Scott Daniels | December 27, 2011

Does the statutory prohibition against broadening the scope of claims in reexamination (see 35 U.S.C. § 314(a); 37 C.F.R. § 1.906) apply on a claim-by-claim basis or to the scope of the claims as a whole?  Put more concretely, may a patentee in reexamination broaden the scope of a dependent claim?  The answer is that the prohibition applies to the scope of the claims as a whole, and a patentee is allowed to broaden its dependent claims.

             The issue was raised in the Board’s decision last week in Shimano v. Patent of MBI, (95/001,051).  There, in the course of reexamination, the patentee maintained, without amendment, the scope of original claim 1, as well as scope of original claim 6 that depended upon it.  Claim 7 that depended on claim 6, however, was broadened to encompass embodiments not within its original scope.  The examiner therefore rejected claim 7 for being impermissibly broadened, citing § 314(a).  

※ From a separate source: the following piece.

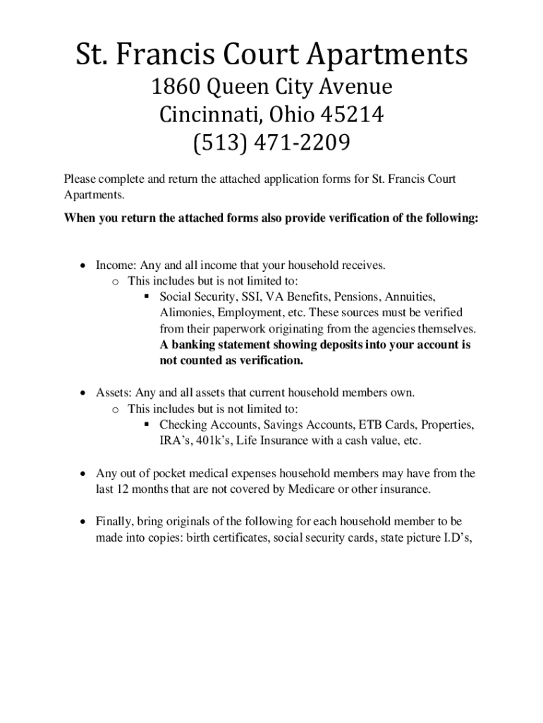 Fillable Online St Francis Court Apartments Apartments in Cincinnati

             The Board reversed, holding that a claim in reexamination “enlarges the scope of the claims of the patent being reexamined where the claim is broader than each and every claim of the patent.”  Here, “the scope of amended claim 7, which ultimately depends from claim 1 through intervening claim 6, is fully subsumed within the scope of its base claim (claim 1 of the original patent)”.  Comparison of an amended dependent claim to the corresponding original dependent claim “is insufficient,” the Board found, because the comparison must be with all the original claims of the patent.